Alterações climáticas causadas pelo Homem detrás das chuvas torrenciais em Emília-Romanha e Alpes? A ciência diz que sim
A chuva que se abateu sobre Emília-Romanha (Itália) nos dias 23 e 24 de junho foi excecionalmente forte para esta época do ano e provocou grandes inundações repentinas. Cientistas atribuem a causa deste evento extraordinário às alterações climáticas induzidas pelo Homem. Saiba porquê.
No fim de semana de 23 e 24 de junho de 2024 a região de Emília-Romanha, situada no Norte de Itália - registou chuva excecionalmente forte para este período do ano. A precipitação acumulada em somente 48 horas rondou os 200 mm nalgumas zonas dos Apeninos Emilianos e provocou grandes inundações repentinas. Estas condições meteorológicas adversas foram desencadeadas pela presença de uma depressão extratropical - conhecida como Baixa Pressão de Génova - centrada no Mar da Ligúria.
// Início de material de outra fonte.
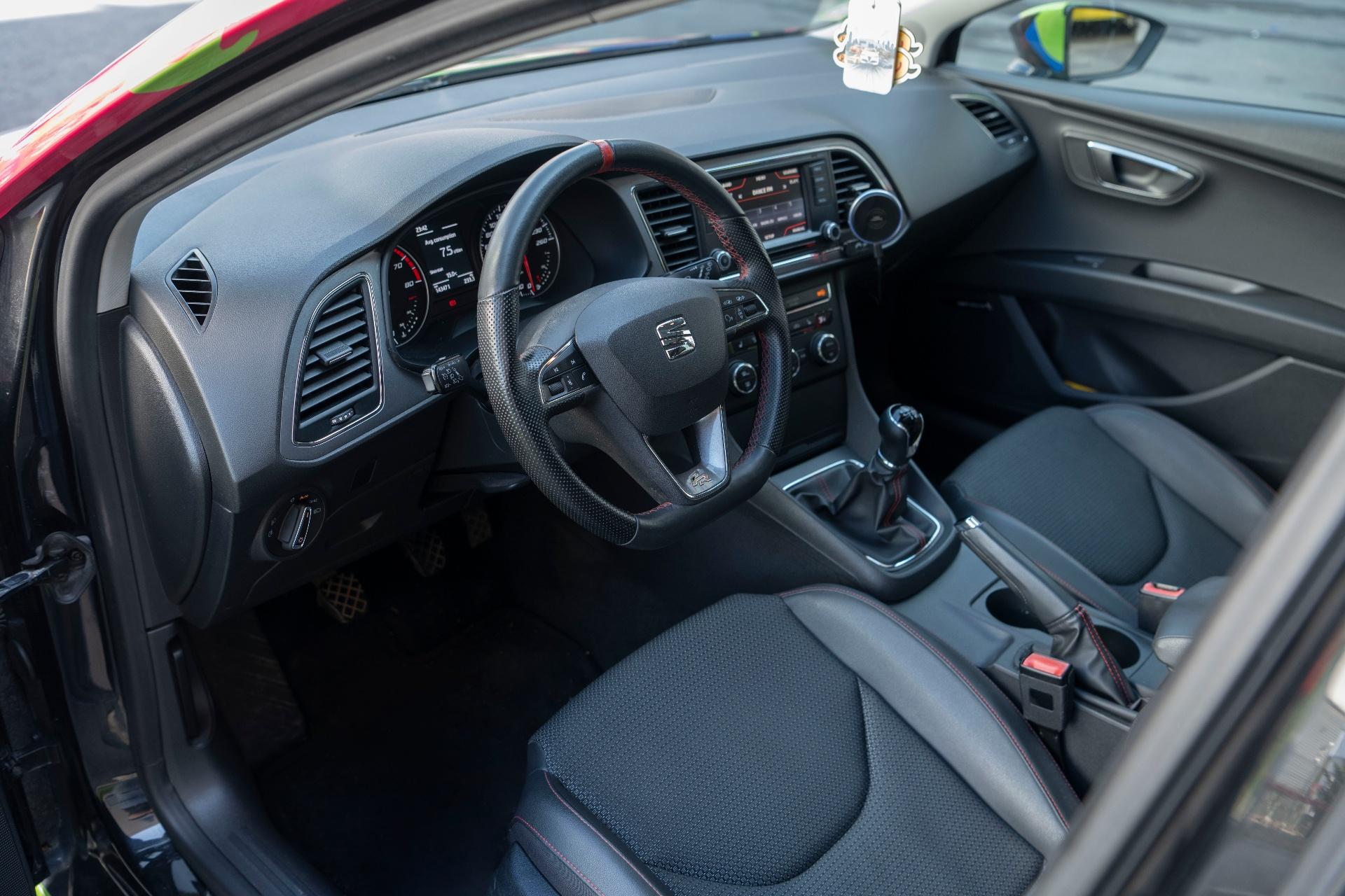 Seat Leon Mk3 1.8 TSI 260 CP ✔️ TVA inclus si nedeductibil ✔️Vă oferim transparență totală, posibilitatea de finanțare și toate avantajele achiziției prin Automotion. ✔️Posibilitate finantare ✔️Istoric complet si raport CarVertical ✔️ Import Germania – iunie 2021 ✔️ Un singur proprietar în România ✔️ Modificări documentate Specificații generale: Motorizare: 1.8 TSI Putere: 180 CP (260 CP după Stage 1) Cuplu: 388 Nm Norma de poluare: Euro 6 Emisii CO2: 137 g/km Culoare de bază: Negru (colantare integrală) Țara de origine: Germania Modificări & upgrade-uri: Stage 1 – DOP Motorsport (260 CP / 388 Nm) Colantare integrală – print dintr-o bucata - DCM Design Kit exterior complet Maxton Design (lip față, praguri, diffuser) Evacuare finală dublă Cupra 280 adaptată Tobă intermediară anulată – sunet sport, fără drone Arcuri Eibach Pro-Kit Distanțiere JR – 20 mm spate / 15 mm față Volan retapițat piele Nappa + o-ring central Centuri față roșii Dotări: Faruri și stopuri LED Trapa electrică Moduri de condus: Sport / Normal / Eco / Individual Pachet FR Sistem audio Seat Sound Scaune față piele + textil, încălzite Jante OEM 18” (vopsite profesional – TopWheels) Geamuri electrice față/spate Oglinzi electrice si incalzite ABS / ESP Computer de bord Închidere centralizată Întreținere & service: Revizii efectuate la 7.000 – 10.000 km Pompa de apă schimbată recent Ultima revizie: mijlocul lunii septembrie După Stage 1: bujii, bobine și PCV schimbate la DOP Motorsport Schimb ulei cutie de viteze efectuat în 2023 Revizie trapă efectuată vara 2022 (următoarea recomandată în 2026) Insonorizare portiere față cu material STP + burete (strat dublu unde a permis spațiul) Alte informații: Detailing complet realizat după colantare (polish special colant + ceramică – LevelUp Detailing) Mașina a participat la expo-uri auto (Rooftop, Subturat, Allatars etc.) Uzură normală de oraș (mici zgârieturi / urme minore specifice Bucureștiului) În talon: multicolor Se oferă evacuarea și arcurile originale

É um centro de baixas pressões que se desenvolve a sul dos Alpes na região que inclui o Golfo de Génova, o Mar da Ligúria, o Vale do Pó, o Golfo de Veneza e o norte do Mar Adriático.
A depressão permaneceu estacionária sobre o mar da Ligúria durante mais de dois dias e provocou fortes aguaceiros e trovoadas, desde Bolonha até Piacenza. Muitas cidades dos Apeninos Emilianos ficaram inundadas e registaram-se vários deslizamentos de terras, com os transportes rodoviário e ferroviário a ficarem fortemente afetados. A 25 de junho, o risco de inundações deslocou-se para as maiores cidades do Vale do Pó.
Mas Itália não foi o único país a ser afetado por este evento. A região dos Alpes Marítimos, situada em França, também registou chuvas fortes e inundações, nomeadamente no vale de Vésubie.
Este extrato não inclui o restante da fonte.